As befits the sensual nature of its subject, "Paris Fashion" is also a lovely looking book--the cover, with its boulevard scene painted by Beraud, is charming, and there is a rich feel about the pages and the way they have been illustrated and designed. Another successful aspect of the book is the way Valerie Steele--the author of "Fashion and Eroticism"--has chosen to divide the book into chapters: not chronologically, but far more intelligently and wittily, by theme: i.e. "Parisian Types," "Le High Life," "Liberty, Egality and Antiquity."
Steele sets out her theme succinctly in the book's first paragraph: "This is not a history of Paris fashion, still less of haute couture. It is a book about the significance and symbolism of fashion in modern society, and an analysis of the reasons why Paris was for so long the international capital of style." I would only quarrel with a statement that comes two paragraphs later, one which seemed to indicate to me at least that the author was momentarily brainwashed by her subject, for it is a statement that might have been dreamed up by the Parisian chamber of commerce, and that would undoubtably evince a posthumous nod from that famous Francophile, Nancy Mitford: "Revolutions in politics, art, literature and thought have begun in Paris (or reached their highest expressions there) often enough to form a significant theme in modern history." Indeed, it is precisely what Parisians would like us to believe --the arch chauvinistic attitude which lies at the root of their snobbism about style (that is to say, they are the only people truly capable of having it). And it is that mentality, as well, that Steele spends a great part of the book exploring--with more objectivity and humor, fortunately, than she shows in that errant sentence.
She succeeds in explaining why the Parisians were prime candidates for excelling in fashion: They were by nature super formal and consumed with status, precision and nuance (as anyone who has ever studied French language knows). And they had early on developed the resources and luxury industries which would make that laboratory of fashion--the haute couture --possible.
There are many fascinating parts of "Paris Fashion": the discussion of the "forgotten dressmaker," Mme. Paquin; the description of the importance of the fashionable and flashy demimondaine ; the role of fashion in the novels of Proust and Balzac (in the chapter relating to the latter, Steele includes this charming anecdote: "Much as he admired the 'sentiment of fashion,' Balzac was personally too busy for the elegant life. But then, he was such a single-minded artist that he is reported to have said once, after sex, 'There goes another book' "). Another theme that recurs throughout the book is the centuries-old American ambivalence toward Paris fashion (we are at once fascinated and intimidated by the dictums of Paris fashion, just as we long to be free of them).

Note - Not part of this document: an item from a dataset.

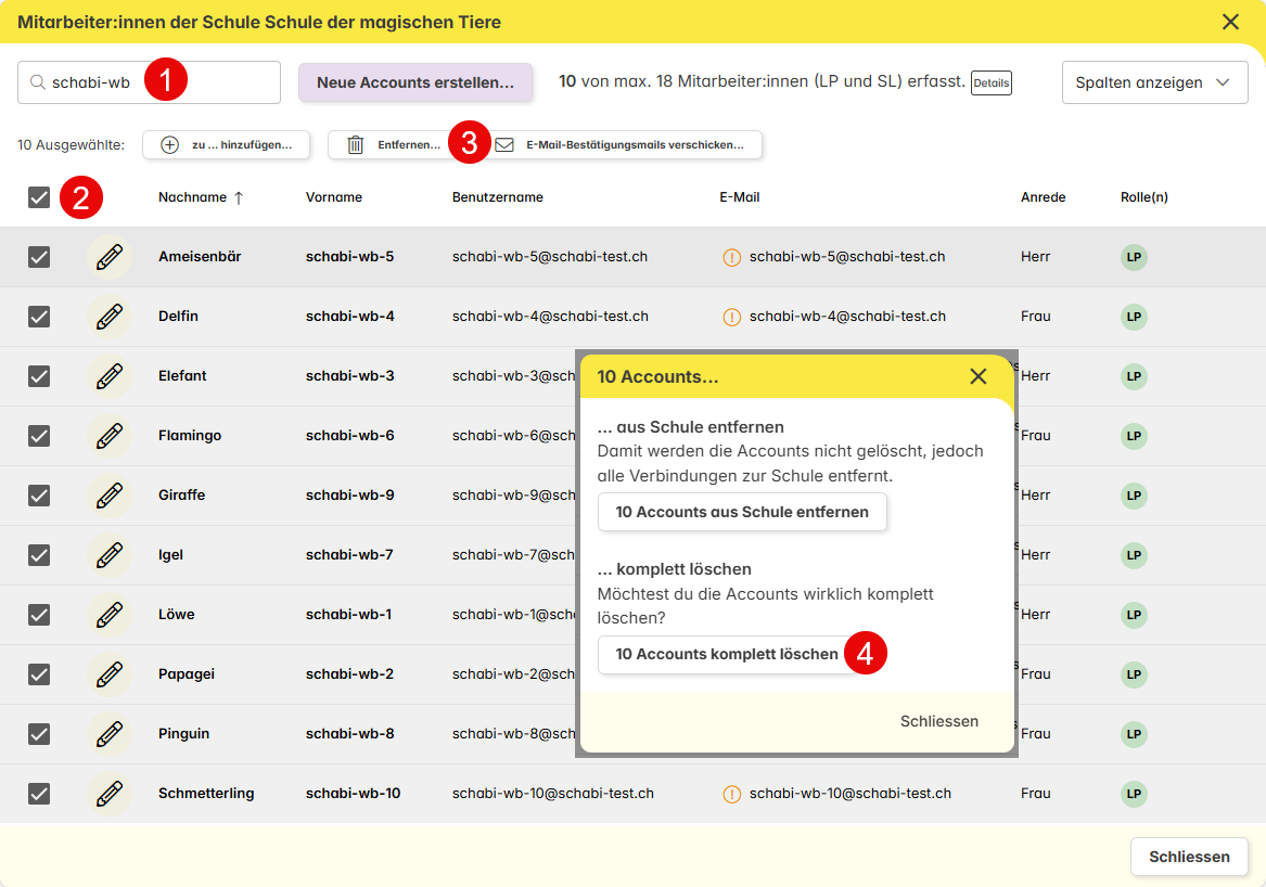 Ein paar Tage nach der Weiterbildung kannst du die Accounts jetzt wieder löschen. Klicke dazu in der Verwaltung unter "Schule als Admin" auf "Mitarbeiter:innen":

But most interesting of all, perhaps, is the central issue of the book, Steele's theory about the language of clothes: that conformism and comfort are much less compelling motivators of change in dress than shifts in people's identities--in how we want to be perceived . "The real motive for fashion change originates in people's changing identities," she writes. "Just as traditional (premodern or non-Western) costume expressed a more static conception of the wearer's social identity, so also does modern fashion express our changing moods. . . . People want to 'say' something about the ambiguities of, for example, youth versus age, work versus play, androgyny versus singularity, conformism versus rebellion."